● **WORK TO COMPLETE**: Only the lines from the start of the data through the line with "7月7日,中交投资公司总经理" belong in the copy. Restate them word for word, minus the pictures.

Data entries
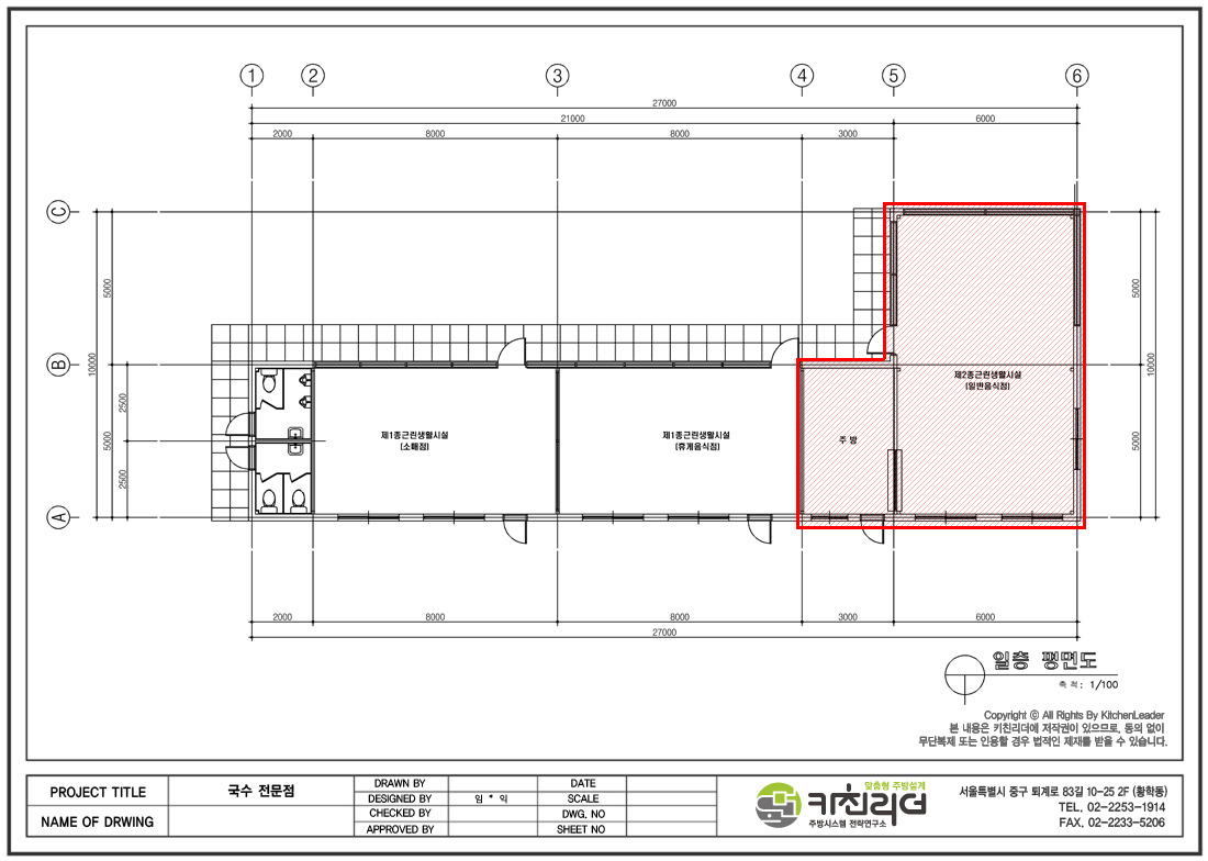 건물 평면도에 빨강색 표시된 부분이 식당 예정위치 로서 고객님 깨서 보내주신 자료를 참고하여
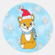 Pegatina Redonda Woodland criaturas Navidades Fox con sombrero Sant
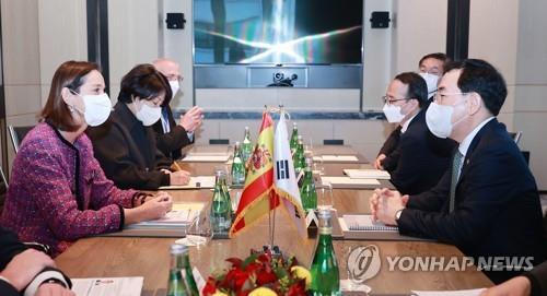 Maroto voiced hope the prime minister's visit to Seoul would help enhance cooperation between the two nations in various advanced sectors, and Lee asked for Madrid's support for South Korean firms seeking to make inroads into the European nation, according to the ministry.
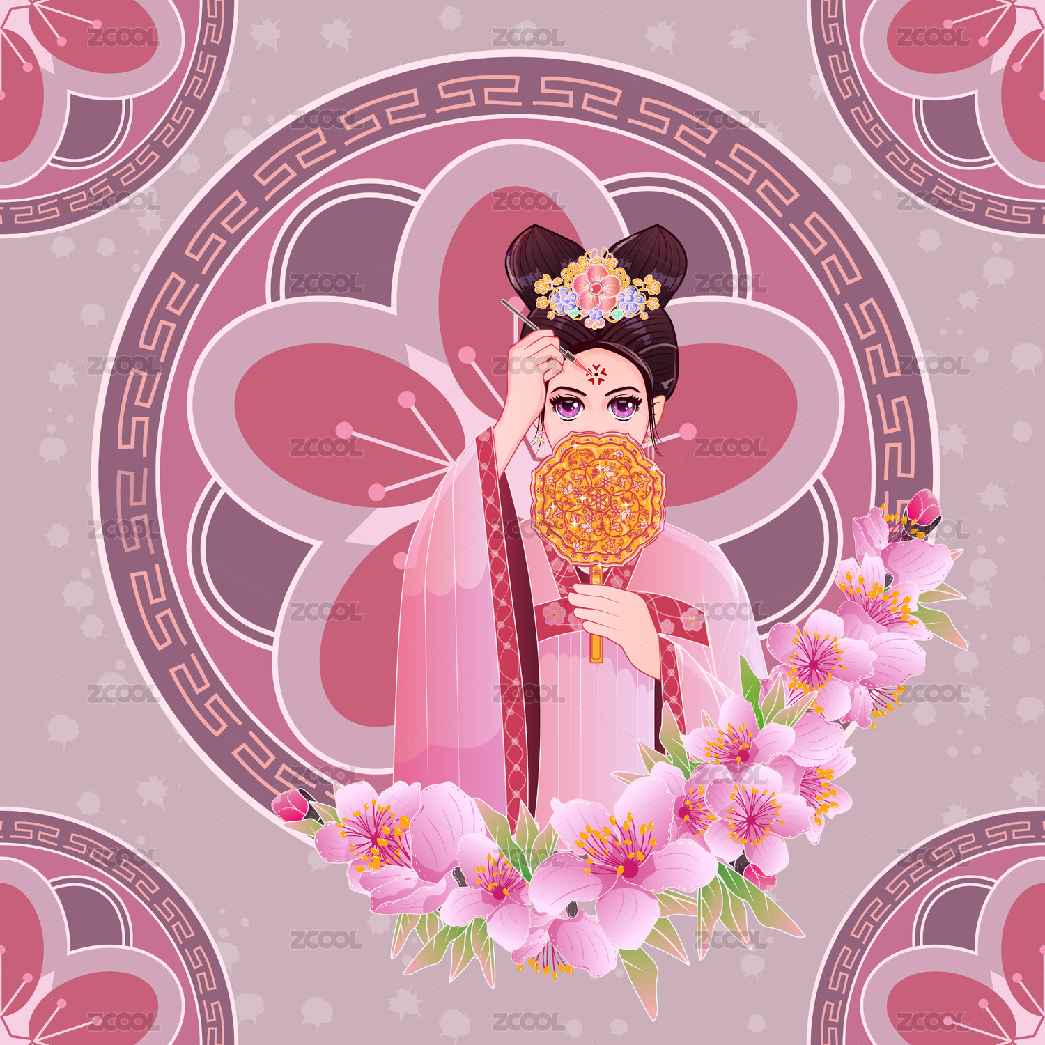 桃花月令花神古風女孩畫花鈿矢量線性插畫
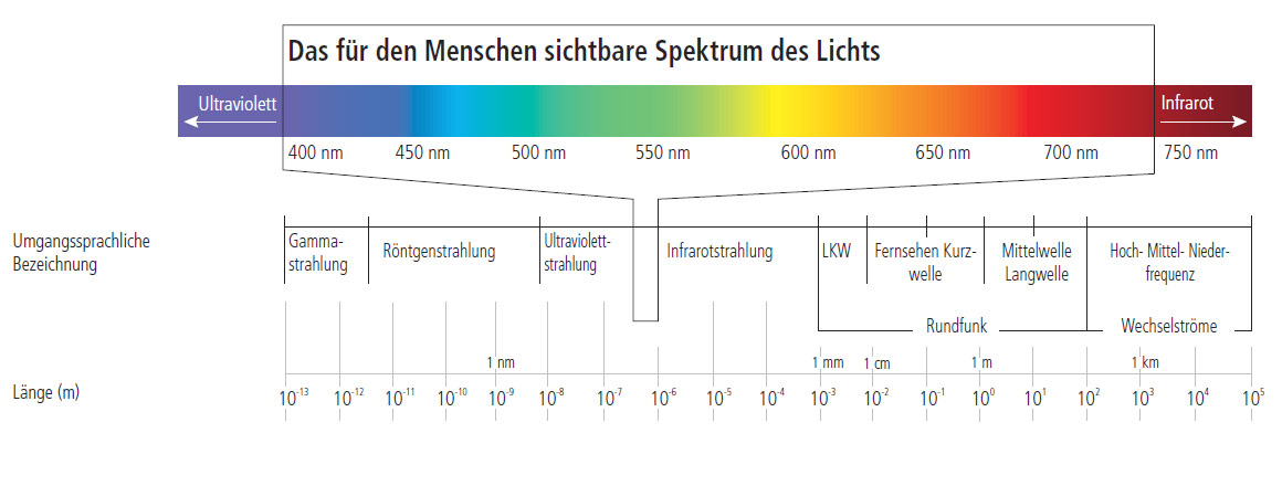 For better understanding, light can be defined as an electromagnetic wave. The human eye can only perceive the electromagnetic waves that are in the so-called visible range. In addition, there are other waves of other frequencies that are not visible to the eye as color. These waves are named to explain what they are used for. The entire electromagnetic spectrum ranges from radio waves, which are among the lowest energy long waves, to X-rays and the gamma rays of atomic nuclei, which are among the most energy-rich. On the contrary, the visible area is only a small part of this spectrum. The value is between about 380 nm (violet) and 780 nm (red).
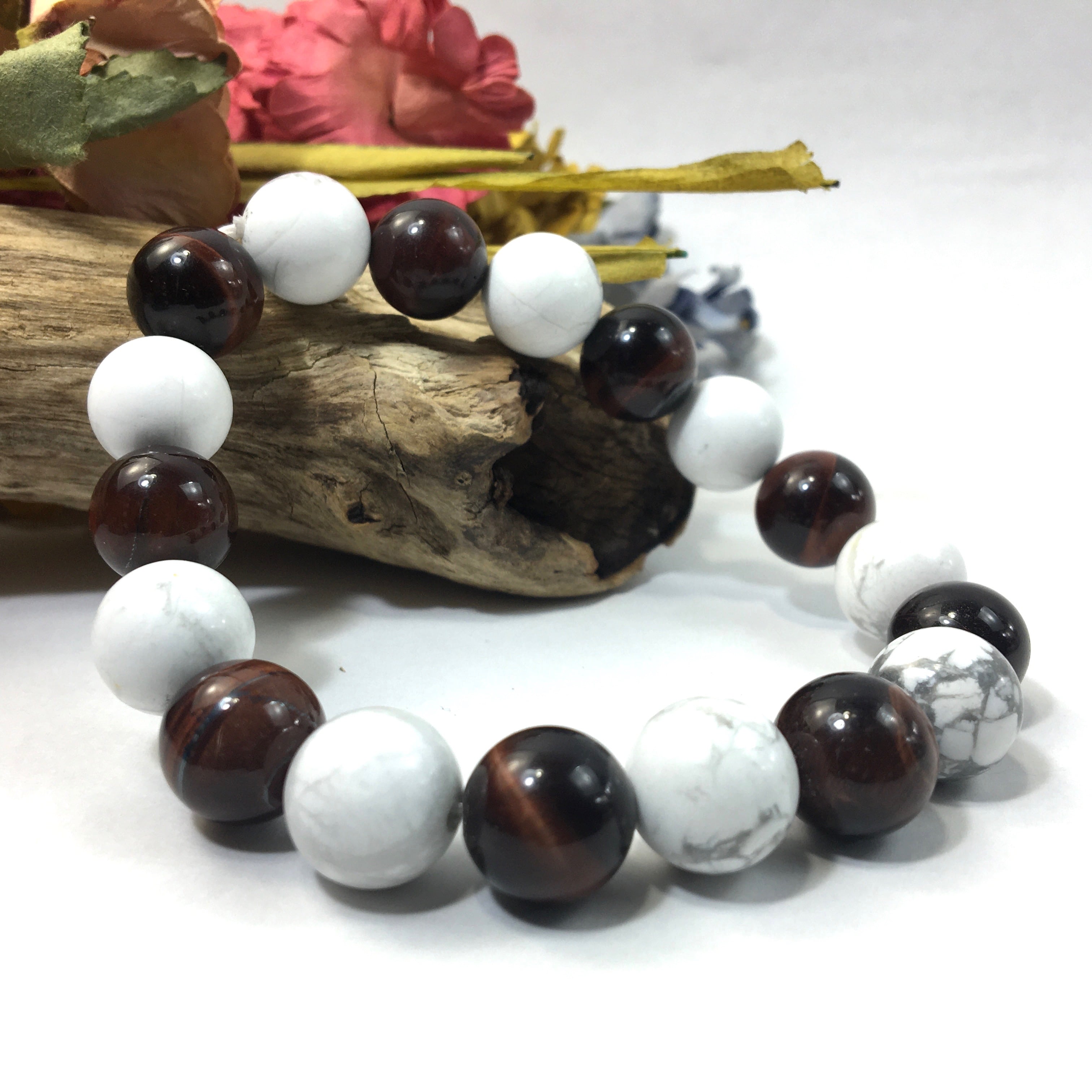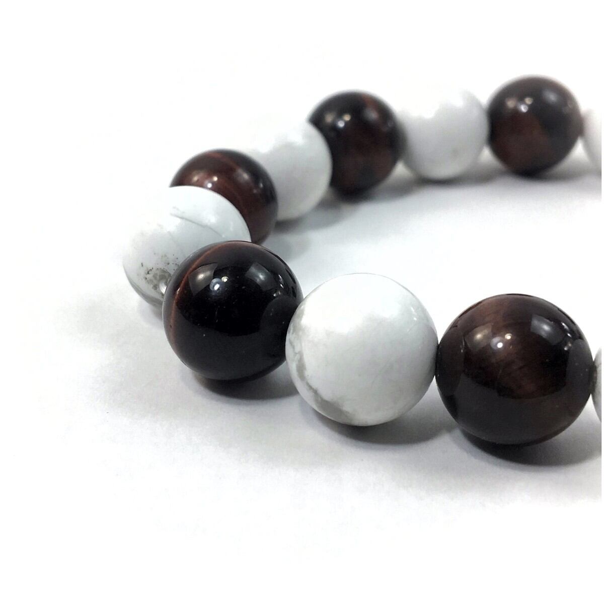 こちらは、ハウライトとレッドタイガーアイを交互に組み合わせたパワーストーンブレスレットです。シンプルなデザインですのでどんなコーディネートとも合わせ易いブレスレットです。程よくインパクトがある12mm玉を使用して内周約18cmです。数に限りがございますので気になる方はお早めにどうぞ。
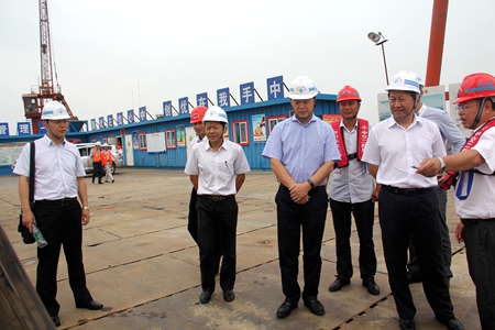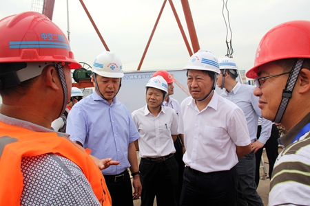 7月7日,中交投资公司总经理何国民、中交二航局总经理王世峰、中交二公院总会周露一行到沌口大桥检查指导工作。
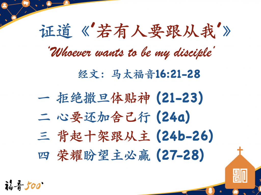 其实对我们而言,我们背十字架不一定意味着死亡,但必须有赴死的决心。对我们而言,可能需要放弃自己的雄心壮志, 可能是放弃居住的地方,可能是一个不错的位置和薪水,甚至一个职业。
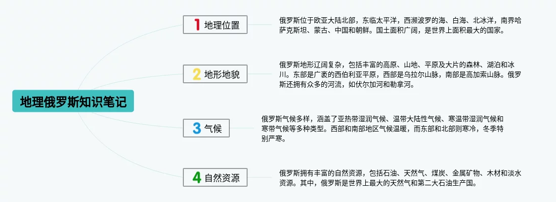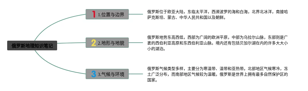 20张俄罗斯地理思维导图简单汇总,俄罗斯地理思维导图简单,内容涵盖1.位置与边界、2.地形与地貌、3.气候与环境等3个方面,20张精选版,每张思维导图都非常清晰,每张图片均精选版。
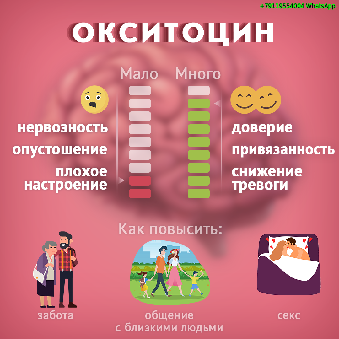 - окситоцин способствует выработке эндорфина, который называют гормоном счастья;
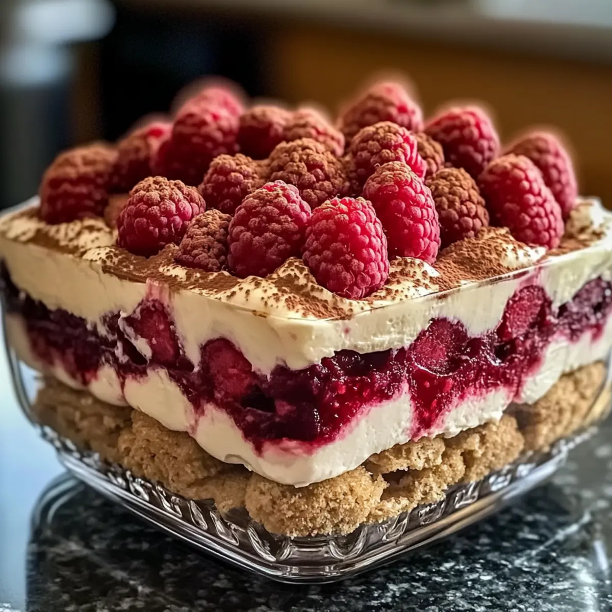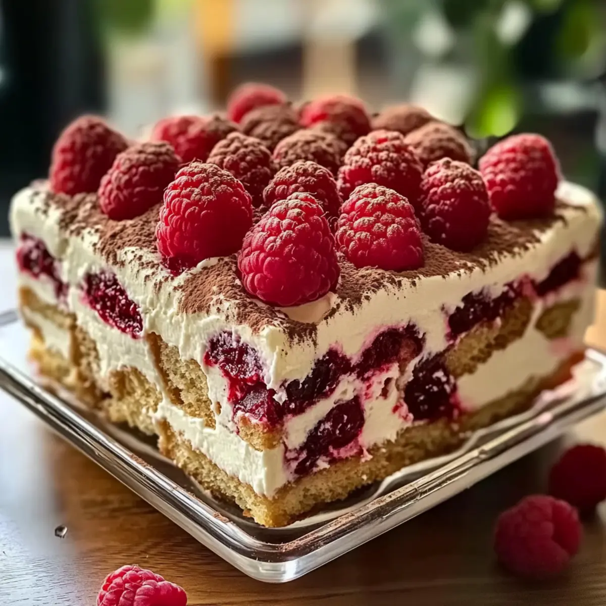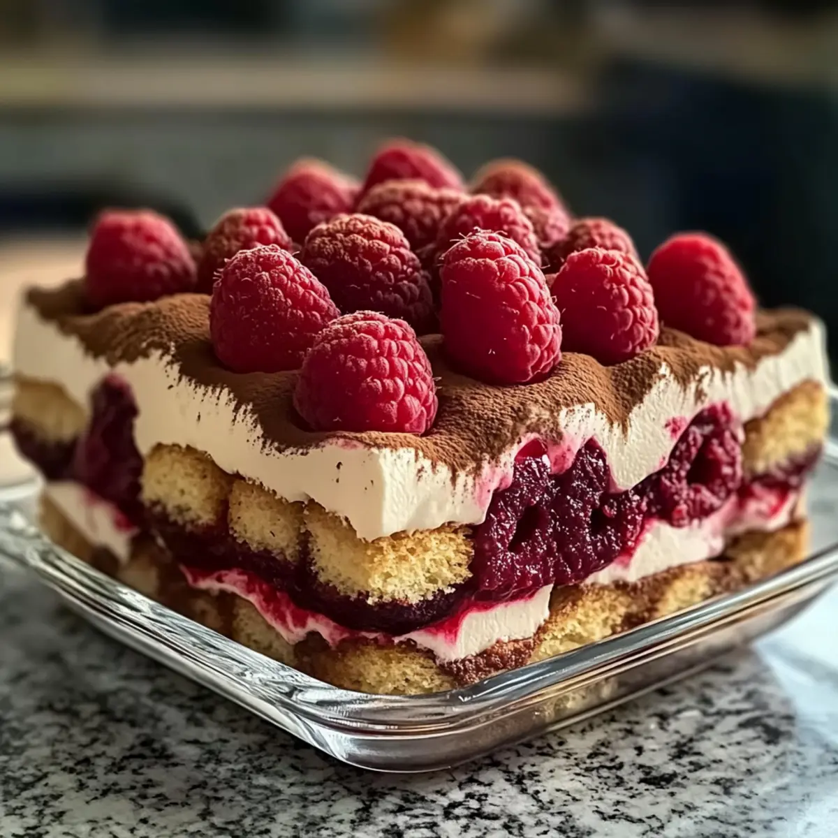 - Bestäube die Oberfläche des Tiramisu gleichmäßig mit Kakaopulver und füge einige frische Himbeeren zur Garnitur hinzu. Serviere es kalt.

● **EXERCISE RESULT**:
 건물 평면도에 빨강색 표시된 부분이 식당 예정위치 로서 고객님 깨서 보내주신 자료를 참고하여
 Pegatina Redonda Woodland criaturas Navidades Fox con sombrero Sant
 Maroto voiced hope the prime minister's visit to Seoul would help enhance cooperation between the two nations in various advanced sectors, and Lee asked for Madrid's support for South Korean firms seeking to make inroads into the European nation, according to the ministry.
 桃花月令花神古風女孩畫花鈿矢量線性插畫
 For better understanding, light can be defined as an electromagnetic wave. The human eye can only perceive the electromagnetic waves that are in the so-called visible range. In addition, there are other waves of other frequencies that are not visible to the eye as color. These waves are named to explain what they are used for. The entire electromagnetic spectrum ranges from radio waves, which are among the lowest energy long waves, to X-rays and the gamma rays of atomic nuclei, which are among the most energy-rich. On the contrary, the visible area is only a small part of this spectrum. The value is between about 380 nm (violet) and 780 nm (red).
 こちらは、ハウライトとレッドタイガーアイを交互に組み合わせたパワーストーンブレスレットです。シンプルなデザインですのでどんなコーディネートとも合わせ易いブレスレットです。程よくインパクトがある12mm玉を使用して内周約18cmです。数に限りがございますので気になる方はお早めにどうぞ。
 7月7日,中交投资公司总经理何国民、中交二航局总经理王世峰、中交二公院总会周露一行到沌口大桥检查指导工作。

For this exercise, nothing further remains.